Third: make something. Lessig's vision of a free culture thrives on bottom-up participation. Try your hand at making a remix, recording a song, shooting a film, starting a blog, producing a podcast, contributing to a piece of software or writing a Wikipedia article. The possibilities are endless, and a simple Google search will turn up a plethora of free tools and information to help you begin.

What else can you do? If you want to get serious about fighting for free culture, take action. Advocacy groups abound, all searching for as much help as they can get. At the forefront is the Electronic Frontier Foundation, which funds legal battles and organizes political action in defense of personal freedoms. Knowledge is a lobbying group focused on relevant legislative goings-on. Another group, Downhill Battle, is centered on music-related issues. And Freeculture.org is a growing outreach organization with chapters at over 30 colleges around the country, including Penn.

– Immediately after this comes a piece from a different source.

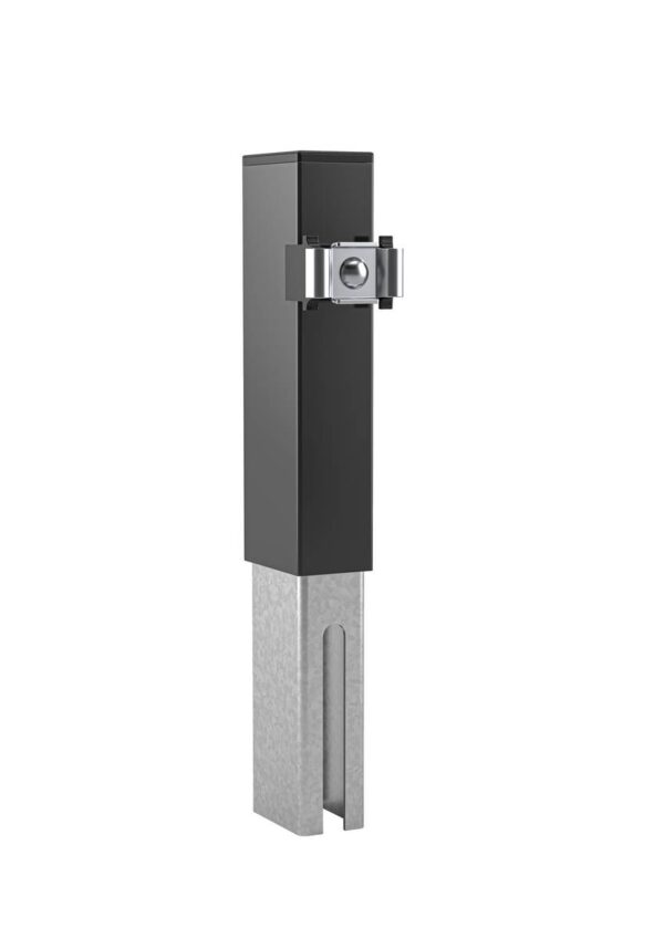 * Die Aufnahme ist passend für Materialstärke des Pfostens von 1,5 mm bis 2 mm. Um die Stabilität bei niedrigen Materialstärken zu erhöhen empfiehlt es sich seitlich zu verschrauben.

If you don't find activism appealing, you can still promote the ideals of free culture in the long run. As a future lawyer, engineer, businessperson, writer, medical worker, academic — even simply as a voter — take a moment to consider how you might go about nudging the culture in the right direction. With this level of knowledge, you will be able to play an active role in eliminating outdated, restrictive laws and overbearing social norms. YouTube and its competitors offer a little taste of freedom, but so far the model of fully open, democratized content is the exception to the rule in a culture dominated by top-down content.

Free Culture isn't just a book.  It's a prompt, an encouragement to think clearly about our shared culture and your place in it. As Ivy League kids (especially you Whartonites!), it's up to us to guide free culture to its tipping point. It's a safe bet that in 10 or 20 years we're going to have significantly more cultural leverage than the average group of citizens, so let's use our power in the best possible way.